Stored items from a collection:
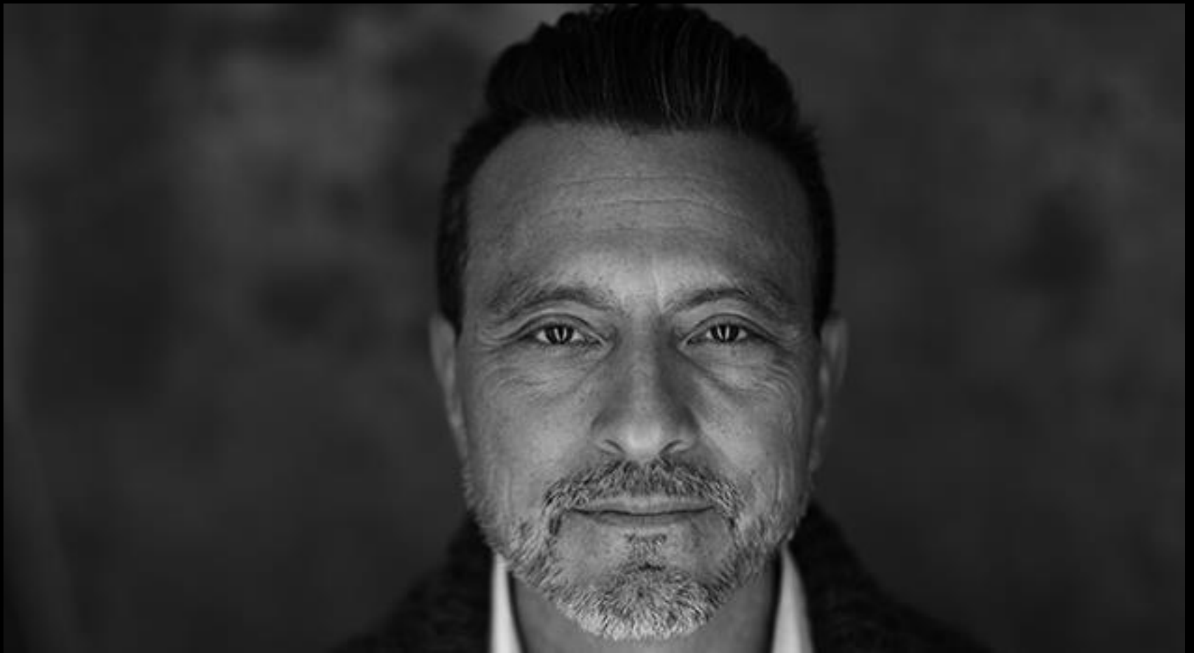
Erwin Raphael McManus
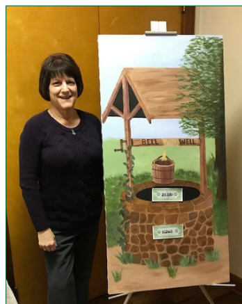
The "Bell Well", a new well soon to be dug for the Mission School of Hope supported by the Grace Church of Columbiana, OH.
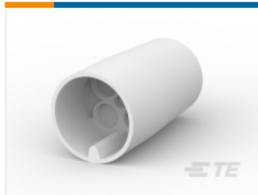
TE Part # 925075 4W CIRCULAR MATE-N-LOK PIN HSG NAT
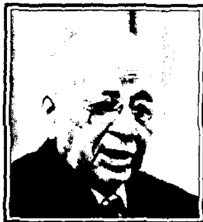
HERBERT W. ARMSTRONG

If ever a President needed the help of this great people he leads, it is now. Some are asking, can you turn the United States around? They look to problems of inflation, unemployment, energy, taxes, budget, business, defense. But those are materialistic problems. In the materialistic area we have fared better than we realize. This nation has
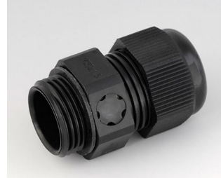
C2320919 Cable gland M20x1.5, pressure compensation PA black RAL 9005 IP 68
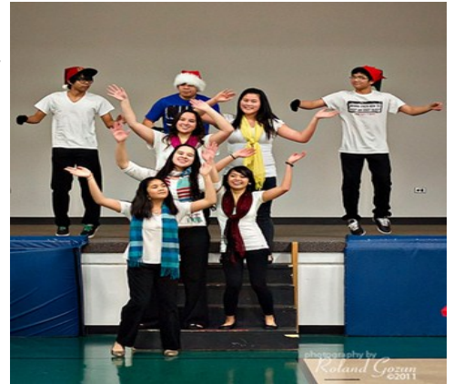
The teens also preformed a Christmas dance to entertain others while they were eating.
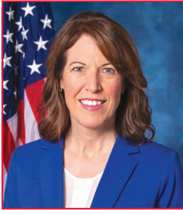
Cindy Axne US Congressional District 3
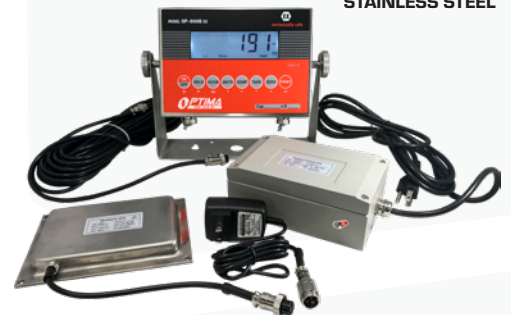
INTRINSICALLY SAFE OPTION
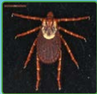
Above: Female Rocky Mountain wood tick

Ticks are arachnids (related to spiders) that feed on the blood of animals. They are found throughout Colorado, commonly at higher elevations and can occur from early spring to late fall, but are less common during the hottest summer months. Rocky Mountain wood tick ( Dermacentor andersoni ) and American dog tick ( Dermacentor variabilis ) are the most common ticks associated with people in the state. These ticks are usually found on grasses and low plants, waiting to attach to a host. They don't fall from trees, jump or fly! Some 30 species of ticks occur in Colorado. Ticks are important because pathogens (bacteria, viruses or protozoa) can be transmitted when infected ticks feed on humans.

**Exercise instructions**
Using the records above, extract exactly and only the lines from the one with "INTRINSICALLY SAFE OPTION" through the final line, inclusive, leaving out pictures.

**Response to this task**
INTRINSICALLY SAFE OPTION
Above: Female Rocky Mountain wood tick

Ticks are arachnids (related to spiders) that feed on the blood of animals. They are found throughout Colorado, commonly at higher elevations and can occur from early spring to late fall, but are less common during the hottest summer months. Rocky Mountain wood tick ( Dermacentor andersoni ) and American dog tick ( Dermacentor variabilis ) are the most common ticks associated with people in the state. These ticks are usually found on grasses and low plants, waiting to attach to a host. They don't fall from trees, jump or fly! Some 30 species of ticks occur in Colorado. Ticks are important because pathogens (bacteria, viruses or protozoa) can be transmitted when infected ticks feed on humans.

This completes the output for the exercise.